靳佑之語氣放緩,“棠妹兒,不要繼續陷進去了,在靳斯年眼裏,所有人都是工具,你也不例外,今晚只是開始,如果你不回頭,後面還有無窮無盡地痛苦在等著你。”

“離開他,或者,離開這裏,都可以。你如果想讀書,牛津劍橋,隨便你選,如果想工作,靳氏在英國也有分公司,只要你願意換一種活法,我都可以幫你。”

她的人生第一次有這麽多的選擇。

棠妹兒垂眸,微微苦笑,“開出這麽優厚的條件,確實讓人心動,可是……可是佑少為什麽幫我呢?”

安靜的走廊,幾乎只能聽得到呼吸起伏的聲音。

靳佑之從來不是膽小的人,但在這一刻,他的勇氣輕柔地搖曳了一下。“因為……”

“因為棠大狀是我的恩人。”

棠妹兒笑了。

氣流輕微擾動,客廳裏的白色窗簾,被風掀起一角,他們之間嚴肅的氣氛,忽然散了。

靳佑之也在笑:“你幫我打官司,免去我的牢獄之災,作為報答,我送你個機會,離開困住你的人,就算禮尚往來。”

棠妹兒重覆:“好吧,禮尚往來。”

“所以,考慮一下我的提議,好嗎?”

“嗯”她點點頭,這次不再針鋒相對。

靳佑之把門交還棠妹兒,“那我先回去了。”

“晚安。”

“晚安。”

棠妹兒靠在門邊,看著靳佑之離開,低頭再次一笑,光影下她的眉眼,清晰可見地舒展。

棠妹兒返身進屋,關上門,像往常一樣,她背靠著門,汲取片刻安靜,等待眼睛適應黑暗後,她瞬間悚然。

客廳裏有人!

棠妹兒擡手點亮燈光,瞇眼看去,就見正對門口的單身沙發上,靳斯年坐在那裏。

他雙腿交疊,雙手搭在扶手上,一臉閑適地沖她微笑。

棠妹兒:“你,你怎麽在這?!”

“那我應該在哪?”

“今天是你訂婚的日子……你不是應該陪著鐘小姐。”

“我以為我的小寵物不高興,所以來看看她,沒想到她被我弟弟逗得這麽開心,萬一哪天她被人拐跑了,我可能都不知道,你說是不是?”
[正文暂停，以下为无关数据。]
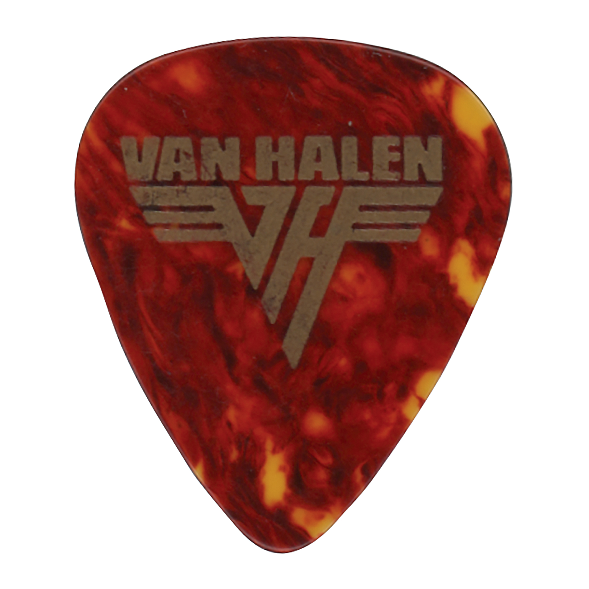 Sought-after Van Halen guitar pick used on stage by Eddie Van Halen during the band?s 1982 Diver Down Tour. The bronze tortoise shell pick bears the golden Van Halen name and logo to the front with a blank reverse. Included with the pick is an ALS signed ?Ed,? one page, 4.25 x 5.25, Hotel Parker, Meridien, New York stationery, no date (circa 1980s), addressed to Van Halen?s publicist Steve Mandel, in full: ?If I?m not here I?m in Gene?s room 1521?the elevators are across from the front desk.? In overall fine condition, with some folds and creases to letter. Accompanied by a full letter of authenticity from REAL, as well certificates of authenticity signed by Mandel, who affirms that the pick and letter derive from his personal collection.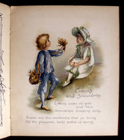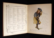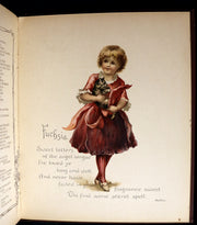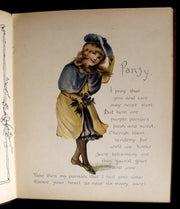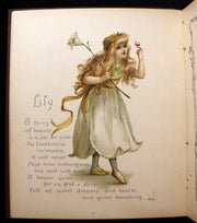 The book: Scarce Victorian Floriography book printed in Bavaria for Ernest Nister with 12 enchanting chromolithograph plates each of a very pretty young girl dressed beautifully in the petals of a flower or plant. Around the image is a short verse about the plant. Part I of the text lists flowers in alphabetical order and the qualities associated with them. Part II lists qualities in alphabetical order and the flowers associated with them, text printed within floral borders.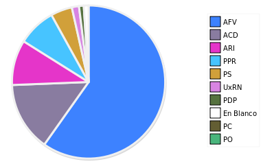 - Columna Porcentaje sobre Válidos no toma en cuenta los votos en blanco ni nulos (usado para D'Hondt de corresponder).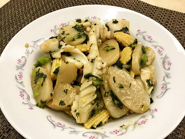 老公說兩個人吃飯別麻煩弄菜了,炒個年糕隨便吃吃就好,因此我今天將江浙小館中很具代表性的「雪菜炒年糕」中,加了魷魚和玉米筍稍稍做了一點變化,使這道名小吃變得更美味了🤗😋

棠妹兒僵直地站在原地:“我和靳佑之的對話,你都聽見了。”

“不止聽到,我還看到了。”

靳斯年從頭到腳打量著她,此時此刻的棠妹兒,身穿撕破的裙子,披著男人的外套,還有亂七八糟的頭發,無一不影射暧昧。

靳斯年彎著唇,明明是笑,眼神裏卻燃著幽暗的火。

棠妹兒後背繃直,緊緊貼在門上,“我沒想逃跑,是靳生你有新歡,不需要我了。”

“我是有了新歡,但我沒說過不要你。”靳斯年一只手指節輕敲,“人也好,東西也罷,我還沒說不要,誰也不能拿走,你明白嗎。”

棠妹兒笑了笑,神情卻變得悲傷,“那我知道了,靳生,我不走,我不會背叛你。”

靳斯年語氣遺憾,“這個世界看著很大,但我不同意,你就走不出去,所以,背叛的定義,不是你有沒有付諸行動。”

只要心動就是背叛。

“靳佑之的提議,你敢說自己沒有動心過?”

棠妹兒楞了一秒。

反應過來後,她原本想要矢口否認的,但靳斯年從沙發上已經站了起來。

他慢條斯理脫掉外套,左右兩顆袖口扭掉,置在大理石的茶幾上。

當啷一聲。

棠妹兒竄起一身雞皮疙瘩。“你想怎麽樣?”

靳斯年脫掉外套,隨手搭在沙發上,“到臥室去,換上你喜歡的那件衣服,然後跪在床邊等著我。”

棠妹兒沒有經歷過,但已經隱隱預知。

她強令自己穩住理智,就像攻克每一場庭辯。

“靳生,我沒想過背叛你,是你和鐘小姐聯姻太突然,我一時不適應,其實我只是想要一個解釋,只要我們可以好好談談……”

靳斯年原本往臥室走,忽然定住身。

他回頭看著她,“這是你能和我談的事情嗎?”

棠妹兒住口,臉色瞬間煞白。

房間安靜得不像話,像殺戮開啟前的祝禱。

棠妹兒吞咽著幹澀的喉嚨,“靳生,可不可以不要——”

“我去洗澡,出來的時候如果看不到你,”靳斯年沒有繼續說下去,轉而語氣溫柔道,“Mia,我今天的心情不太好,希望你可以體諒。”